An Iraqi photojournalist from Baghdad, he has sought out Islamic militants across the Middle East, and his articles and photos have appeared in several Western newspapers. Here, he talks about his conversations with the foreign fighters who have come to Iraq. Just before the second battle of Fallujah, he slipped into the city, met some of these jihadis and listened to what they talked about as they awaited their fate. And later, a few days before the October 2005 Iraqi vote on a draft constitution, Abdul-Ahad spent time with nationalist Iraqi insurgents northwest of Baghdad, learning about how this element of the insurgency sees its goals, why they decided to vote in the election, and the growing tensions they saw between themselves and the foreign jihadis.This is an edited transcript of an interview conducted in the fall of 2005.

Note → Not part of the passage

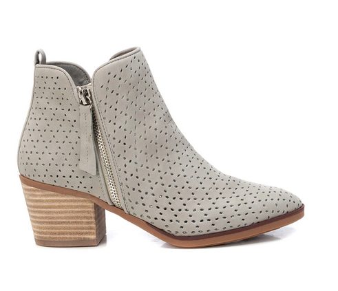 Otros botines llenos de originalidad, son estos de la marca Refresh, fabricados en antelina troquelada, que los convierte en una pieza llamativa e ideal para realzar cualquier look. Cuentan con una cremallera lateral y tienen un bonito tacón de madera de 6 cm de altura con suela de goma antideslizante. Son de color gris claro y cuentan con el certificado vegano de la organización PETA. Tienen un precio de 49,95€ y los puedes conseguir en este enlace.
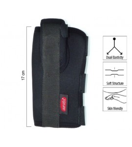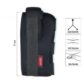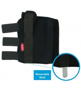 Handgelenkschiene 'De Quervain' aus Neopren, anatomisch geformt und mit einem speziell modifizierten Aluminium-Struktur. Diese Schiene reduziert die Bewegungen des Daumens. Die Klettverschlüsse sorgen für mehr Komfort, während das Neopren Körperwärme speichert, die Durchblutung anregt und die Heilung dadurch beschleunigt.

You spent four or five days with an insurgent unit northwest of Baghdad. What was that like?

It's north of Baghdad in an area that's really dangerous, where people get kidnapped, killed just by passing through, and I wanted to see how those people will react towards this referendum, the political events [Iraq's October 2005 vote on a draft constitution].

[I] established contact through some other people, went there first, ... just introducing myself to the people, and then went back. It was amazing, because the whole village was a Salafist, hard-core Islamist [community].

Driving into that village is like driving into a military camp. The only access to the village is one checkpoint manned by Shi'a Iraqi soldiers and American soldiers. So you have to drive through 100, 150 meters of barricades and barbed wires and checking IDs. Once you're inside, it's a community of people who hate the Americans. They're almost all insurgents, been fighting the Americans for the last two or three years. ...

[What] did it feel like for you to go into a place where, if it went badly, it could result in your death?

... Two feelings actually. One is if it goes badly, you'll be killed; you'll be kidnapped. …But then the other feeling is, you suddenly feel safe, because one of the main risks you take is being kidnapped. So once you're inside the lines, it's like you're almost safe for the next three, four days, because you're with them, until they decide to do something to you. ...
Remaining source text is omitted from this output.